This medium-sized nightjar measures 22–27 cm in length, spans 45–50 cm across the wings and weighs 42–69 g. Further standard measurements are a wing chord of 14.7 to 16.9 cm, a tail of 10.5 to 12.8 cm, a bill of 1 to 1.4 cm and a tarsus of 1.5 to 1.8 cm. Adults have mottled plumage: the upperparts are grey, black and brown; the lower parts are grey and black. They have a very short bill and a black throat. Males have a white patch below the throat and white tips on the outer tail feathers; in the female, these parts are light brown.

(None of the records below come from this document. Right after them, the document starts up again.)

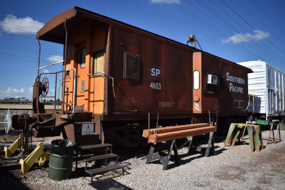 Southern Pacific caboose 4603 built by International Car Company in 1978. The caboose was used in mainline service out of Tucson until 1994, last used in service on the Buckeye Local out of Phoenix and donated to the Museum in 1996.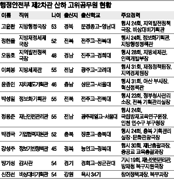 지방행정·지방재정세제·지역발전정책국장 등 세 자리는 고위공무원 나등급(2급)이지만 ‘1.5급’ 정도의 고참 국장이다. 차관보가 지방 업무를 총괄하지만 이들은 실·국장회의에 참석할 만큼 업무비중이 높다.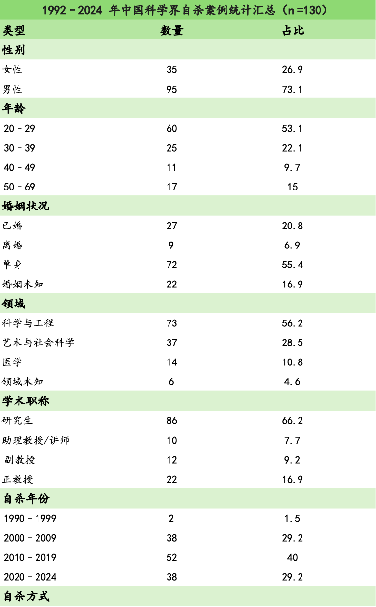 该数据库不仅详细记录了性别、年龄、自杀死亡年份、所属领域、学术职称和机构隶属关系等信息,还包括媒体报道中提及的自杀原因、自杀方式等。虽然样本并不具备全国代表性,但仍能揭示重要的时间趋势和结构性特征。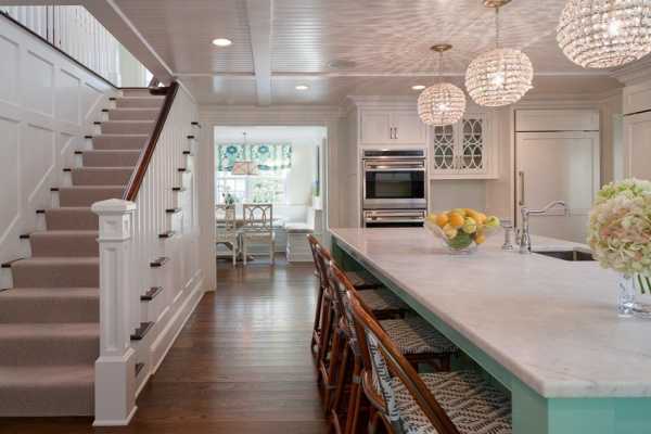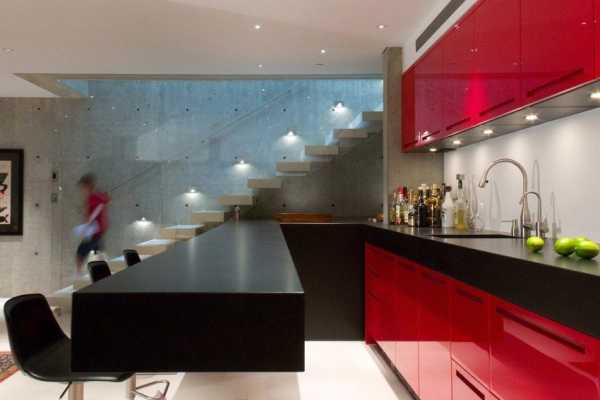 - На кухне лучше размещать лестницу из натуральных материалов. При этом, для опорных элементов конструкции следует выбирать твердые массивы дерева (бук, ясень, дуб), а для перил подойдут и мягкие (например, сосна). Интересным вариантом станет лестница с перилами из бамбука.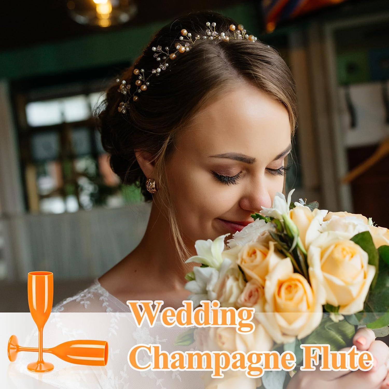 XUWAIDSGN Acrylic Champagne Flutes Toasting Glasses Unbreakable Mimosa Bar Reusable Wine Glasses Vintage Champagne Flutes Stemmed Drinking Cups 5.4 OZ for Christmas Birthday (10, Orange)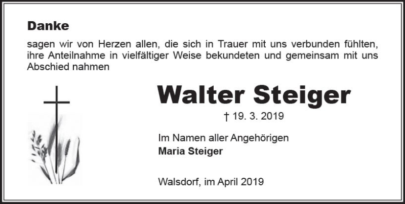 Hier finden Sie alle Traueranzeigen aus der Zeitung, die bisher für Walter Steiger erschienen sind. Weitere Traueranzeigen, die in der Zeitung erscheinen, werden hier ebenfalls aufgelistet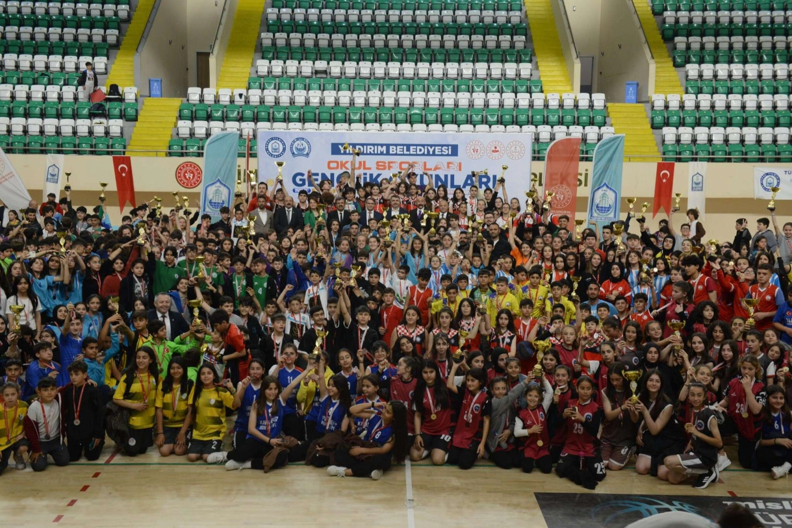 Naim Süleymanoğlu Spor Kompleksi’nde gerçekleşen Okul Sporları Gençlik Oyunları’nın ortaokul kategorisi final törenine Yıldırım Belediye Başkanı Oktay Yılmaz’ın yanı sıra Yıldırım İlçe Kaymakamı Metin Esen, Büyükşehir Belediyesi Başkan Vekili Fethi Yıldız, İlçe Gençlik ve Spor Müdürü Mehmet Demirci, okul müdürleri ve sporcular katıldı. Sekiz branşta yapılan 346 maçın ardından dereceye giren öğrencilere ödülleri verilirken gençlik oyunlarına katılan tüm okullara Yıldırım Belediyesi tarafından spor malzemesi dağıtımı yapıldı. Okul Sporları Gençlik Oyunları’nın, Yıldırım’ın sporda geldiği noktayı ortaya koyması açısından son derece önemli olduğunu ifade eden Belediye Başkanı Oktay Yılmaz, “Geçtiğimiz hafta lise kategorisinde düzenlenen oyunların kapanış törenini yapmıştık. Lise kategorisinde spor oyunlarımıza; 27 okul, 118 takım ve toplam bin 150 gencimiz katılırken ortaokul düzeyinde; 41 okuldan 146 takım ve bin 636 sporcumuz katıldı. Turnuvamıza katılım gösteren tüm sporcularımızı, hocalarımızı tebrik ediyorum” diye konuştu. 174 bin 503 kişiye hizmet Yıldırım’ın tarih, kültür ve medeniyet kenti olduğu kadar aynı zamanda bir spor kenti olduğunun altını çizen Başkan Oktay Yılmaz, “Yıldırım’ın spor kenti kimliğini güçlendiren hizmetlerimiz şükürler olsun meyveleri veriyor. Yıldırım Belediyesi olarak son 4 yılda; yaz ve kış spor okullarında 102 bin, cimnastik okullarında 19 bin, sosyal sorumluluk projelerinde 7 bin evladımıza, özel ihtiyaç sahibi bin 102 çocuğumuza ve ailesine, kadın spor merkezlerimizde 45 bin kadınımıza, toplam da ise 174 bin 503 vatandaşımıza spor ve eğitim hizmeti verdik. Spor kenti Yıldırım’ı daha iyiye taşımak için çalışmalarımızı sürdüreceğiz” dedi.

This bird is sometimes confused with the related chuck-will's-widow (Antrostomus carolinensis) which has a similar but lower-pitched and slower call.

==Ecology==
Eastern whip-poor-wills breed in deciduous or mixed woods across central and southeastern Canada and the eastern United States, and migrate to the southeastern United States and to eastern Mexico and Central America for the winter. These birds forage at night, catching insects in flight, and normally sleep during the day. Eastern whip-poor-wills nest on the ground, in shaded locations among dead leaves, and usually lay two eggs at a time. The bird will commonly remain on the nest unless almost stepped upon.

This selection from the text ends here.